File-Based Batch Pipeline

import os
import json
import time
import logging
from pathlib import Path
from concurrent.futures import ProcessPoolExecutor, as_completed
from dataclasses import dataclass, asdict
from typing import List

logging.basicConfig(level=logging.INFO, format="%(asctime)s %(message)s")
logger = logging.getLogger(__name__)

@dataclass
class BatchResult:
    filename: str
    text: str
    language: str
    duration_s: float
    processing_s: float
    realtime_factor: float
    success: bool
    error: str = ""

def transcribe_single(args):
    """Transcribe a single file (runs in a worker process)."""
    audio_path, model_path, language = args
    from whisper_cpp_python import Whisper

    try:
        whisper = Whisper(model_path)

        import librosa
        audio, sr = librosa.load(audio_path, sr=16000)
        audio_duration = len(audio) / sr

        t0 = time.time()
        result = whisper.transcribe(audio, language=language)
        t1 = time.time()

        processing_time = t1 - t0
        rtf = processing_time / audio_duration if audio_duration > 0 else 0

        return BatchResult(
            filename=os.path.basename(audio_path),
            text=result.get("text", "").strip(),
            language=language,
            duration_s=audio_duration,
            processing_s=processing_time,
            realtime_factor=rtf,
            success=True,
        )

    except Exception as e:
        return BatchResult(
            filename=os.path.basename(audio_path),
            text="",
            language=language,
            duration_s=0,
            processing_s=0,
            realtime_factor=0,
            success=False,
            error=str(e),
        )


class BatchProcessor:
    """Process multiple audio files in parallel."""

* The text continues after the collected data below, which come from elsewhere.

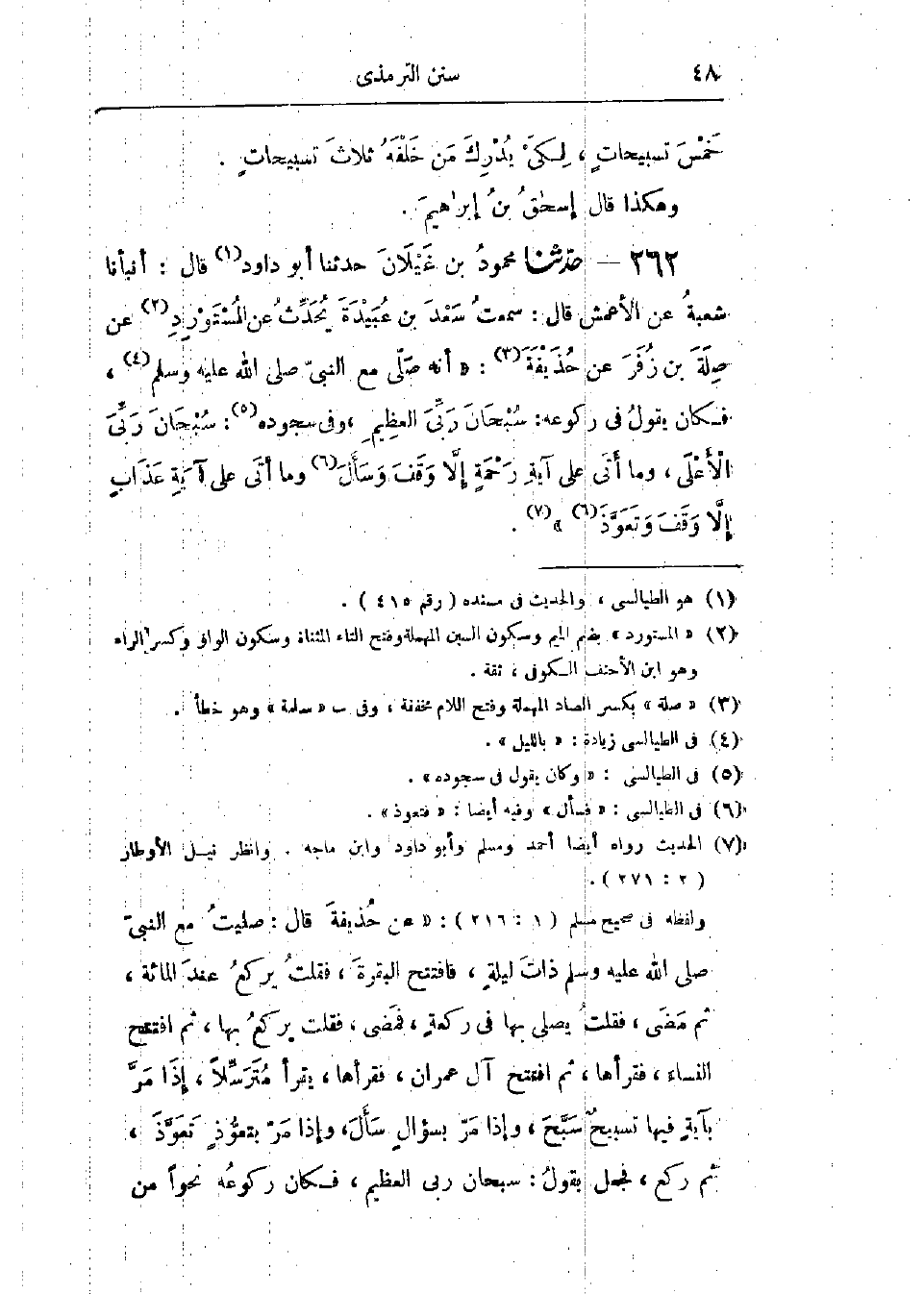262 - حَدَّثَنَا مَحْمُودُ بْنُ غَيْلَانَ قَالَ: حَدَّثَنَا أَبُو دَاوُدَ، قَالَ: أَنْبَأَنَا شُعْبَةُ، عَنْ الأَعْمَشِ، قَال: سَمِعْتُ سَعْدَ بْنَ عُبَيْدَةَ يُحَدِّثُ، عَنْ المُسْتَوْرِدِ، عَنْ صِلَةَ بْنِ زُفَرَ، عَنْ حُذَيْفَةَ، أَنَّهُ صَلَّى مَعَ النَّبِيِّ صَلَّى اللَّهُ عَلَيْهِ وَسَلَّمَ، فَكَانَ §يَقُولُ فِي رُكُوعِهِ: «سُبْحَانَ رَبِّيَ العَظِيمِ، وَفِي سُجُودِهِ، سُبْحَانَ رَبِّيَ الأَعْلَى»، وَمَا أَتَى عَلَى آيَةِ رَحْمَةٍ إِلَّا وَقَفَ وَسَأَلَ، وَمَا أَتَى عَلَى آيَةِ عَذَابٍ إِلَّا وَقَفَ وَتَعَوَّذَ. -[49]- وَهَذَا حَدِيثٌ حَسَنٌ صَحِيحٌ.
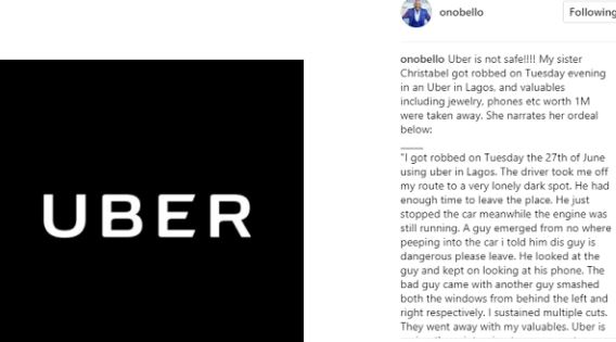 Yet another Nigerian lady has just called out company, Uber, claiming that she was robbed last week Tuesday in an Uber in Lagos, and valuables including jewelry, phones worth 1M were taken away.
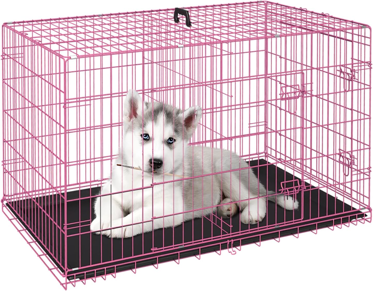 - 🐕【Designed to Safe and Comfortable】: The pet cage have two large doors, one on the front and one on the side, are easy to open, close.Heavy duty securely lock with dual latches, providing a safe and secure environment for your pet.The dog cage designed to keep animals safe and comfortable. Pet kennel wire dog crate animal cage.
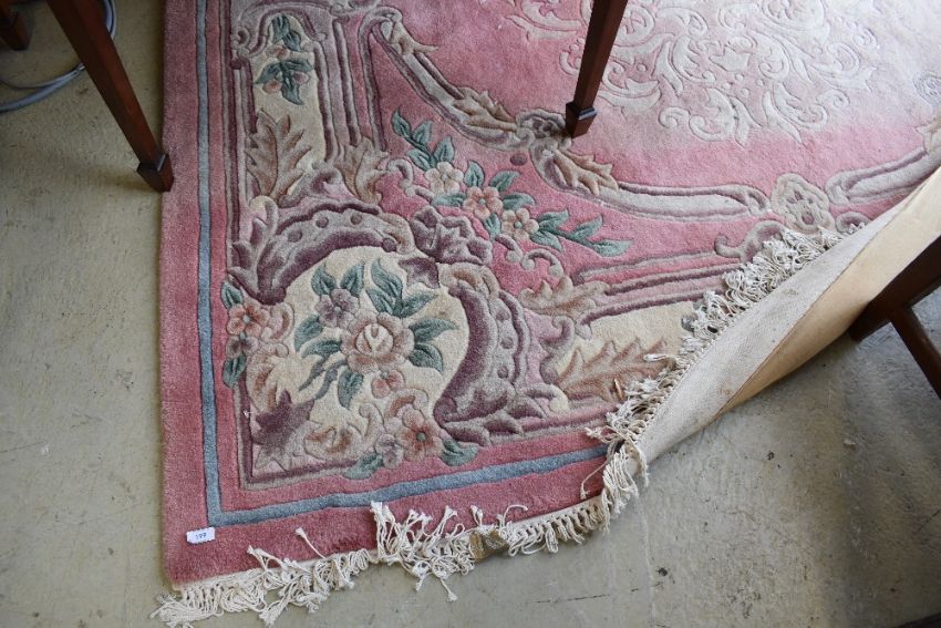 A large Chinese carpet square having pink ground , approx 300 x 214cm
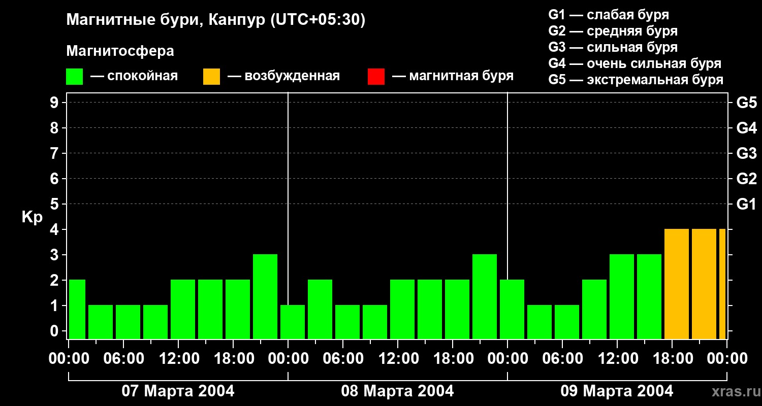 Магнитные бури в Канпуре — 9 марта 2004 года
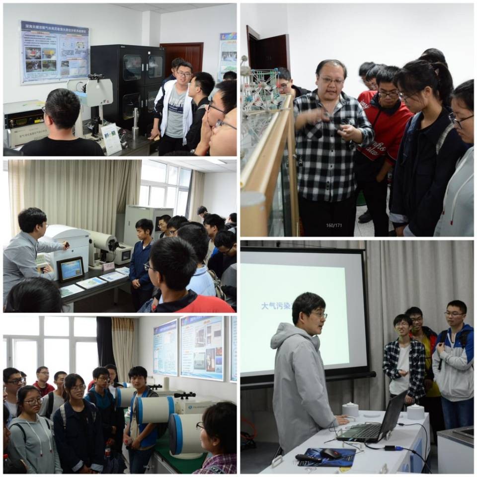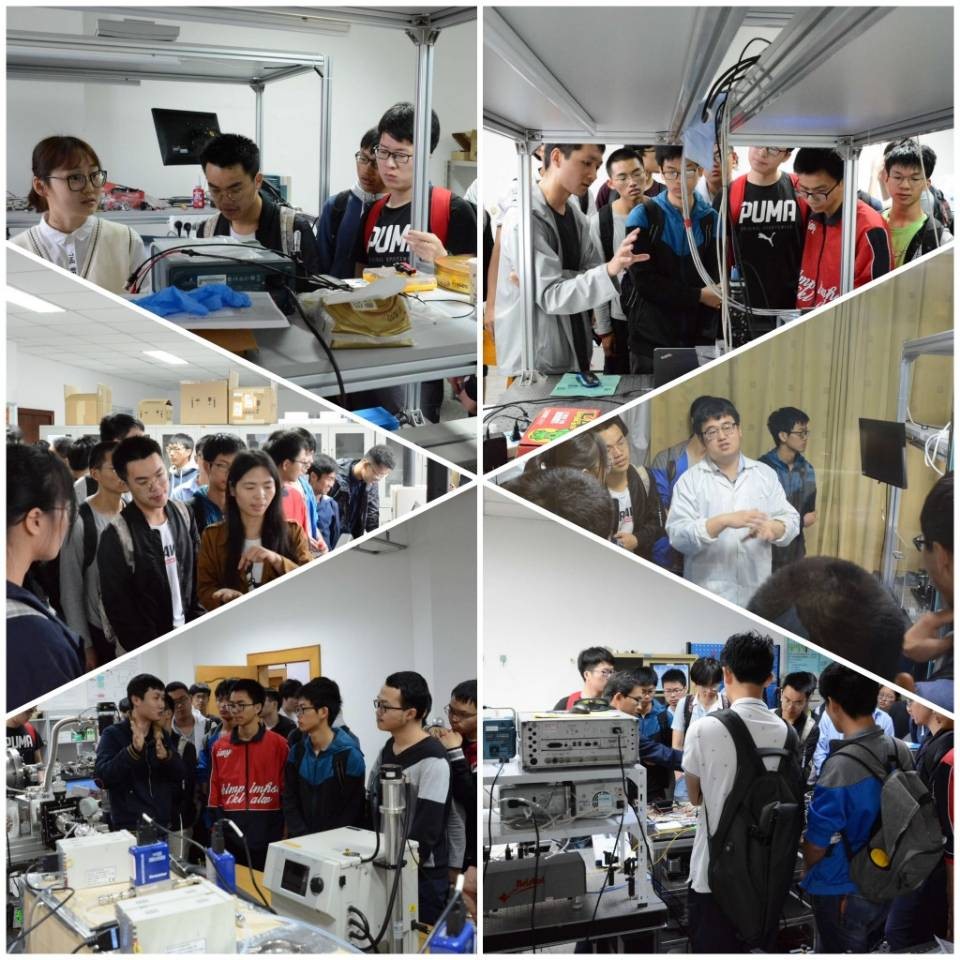 报告会结束后,同学们在安光所老师和同学们带领下,2组对14个实验室进行了参观,其中包括基础科学中心实验室、环境中心实验室、激光中心实验室、FTS以及观测场。各实验室研究人员非常热心地给同学们介绍各实验室研究项目和研究进展,用易懂的方式讲解仪器的研制目标和工作原理,并做了一些神奇有趣的演示。同学们也是兴趣十足,不时抛出一些颇有见解的问题,和研究人员进行积极互动。
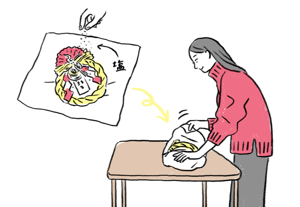 - 正月飾りに塩を軽く振るか、正月飾りの右・左・真ん中の順に一つまみの塩を置いて清めます。
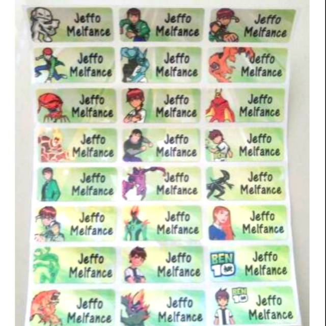 Sticker nama waterproof Ben 10
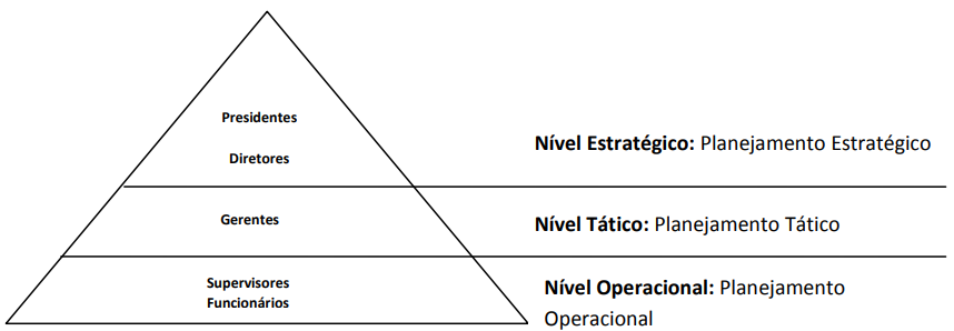 Quando se aborda o planejamento não se pode deixar de mencionar os três níveis de planejamento que são: estratégico, tático e operacional conforme mostra a figura 1 abaixo:
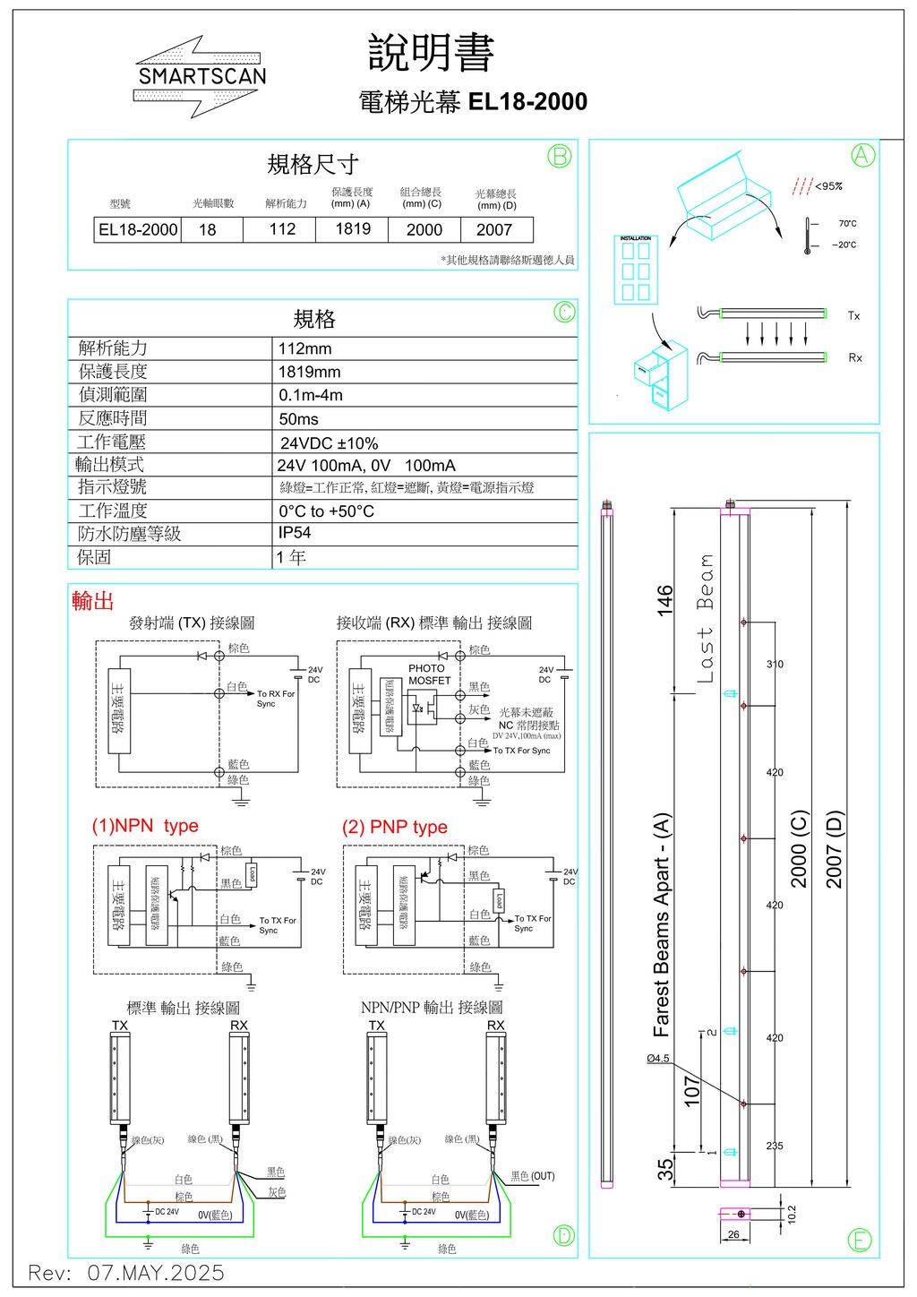 | 輸出模式 | 乾接點輸出 (ON/OFF) / NPN 或 PNP |

    def __init__(self, model_path, max_workers=4, language="en"):
        self.model_path = model_path
        self.max_workers = max_workers
        self.language = language

    def process_directory(self, input_dir, output_path=None):
        audio_extensions = {".wav", ".mp3", ".m4a", ".flac", ".ogg", ".webm"}
        audio_files = []

        for f in sorted(Path(input_dir).iterdir()):
            if f.suffix.lower() in audio_extensions:
                audio_files.append(str(f))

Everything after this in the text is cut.